Blazing Fast Unsigned 64-bit Integer Set in Go.
High Performance:
Read Optimized: Read is wait-free and Cache-friendly, which means only needs few atomic read sequentially.
Read could reach 500millions/second in a 20 logical core CPU.
Low Overhead
Although it can't compress digits, comparing other implementation which supports dynamically updating, it does save memory because there is no pointer. Each key needs about 8.89Bytes, overhead is about 10%.
Auto Scaling
Expand automatically: When meet ErrNoSpace, it'll trigger expanding in async mode. The size will grow up to 2x as before.
Shrinking manually: Users could get usage of set and try to trigger shrinking or not. The set will do this job in async.
Automatically shrinking needs extra information to make decision, it may bring unstable overhead(e.g. last modified need get clock). So it's wiser to do such things in a higher level, because users may already have these helping information, there is no need to do the same jobs in set.
-
The maximum size of set is 32Mi, but big enough for most cases. I set the limitation for avoiding unexpected memory usage.
-
Only supports X86-64 platform.
-
It's better to use only one goroutine to update Set(Add/Remove), one goroutine is enough fast, and could avoid unnecessary cost of spin.
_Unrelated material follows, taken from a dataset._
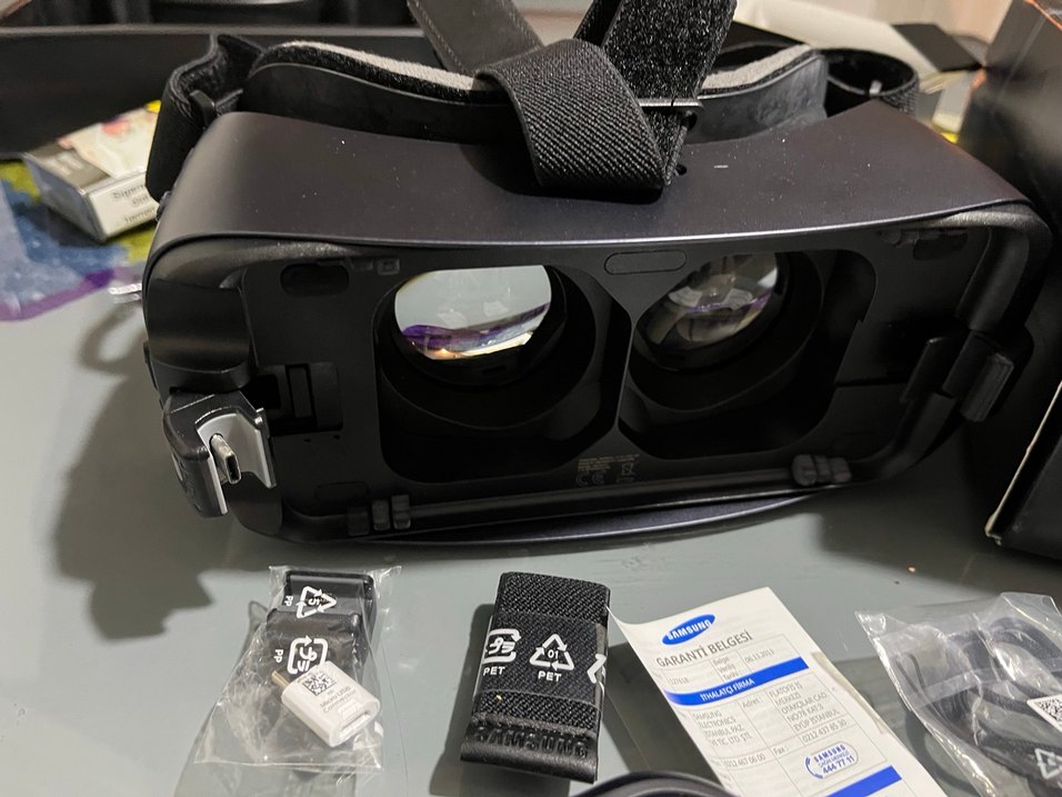 Ayarlanabilir kayışlı siyah Samsung VR gözlüğü, lensler, USB adaptörü ve garanti belgesi ile birlikte gelir.

We could make a Cache-friendly tree, but in Go, it's almost impossible to make an uint64 tree set without the pointer overhead, so the space cost is at least 2x.
The overhead is matter in normal hash set, because of the bucket linker. It's really hard to make it wait-free.
Actually the major issue is getting the balance of memory usage and performance. It's not an easy job, so I decide to do it by myself.
u64.Set has two tables for saving uint64 keys, there will be only one table could be written. If this one is full, try to add key into the other one.
The probability of both tables meet no space error is a serious problem, if the probability is high, the whole design of the structure is unreliable.
The conclusion is: up to 5.42e-20
The mathematics proof is quite direct and simply:
We assume the load factor is 0.9 in the older table, then we make a 2x size table as new one, after transferring all keys into the new one, the new one's load factor will be 0.45.
The rate of each entry is not empty is 0.45.
The neighbour size is 64.
P = 0.45^64 = 6.39e-25
If the load factor is 0.5(which means the usage of the last table is 100%):
P = 0.5^64 = 5.42e-20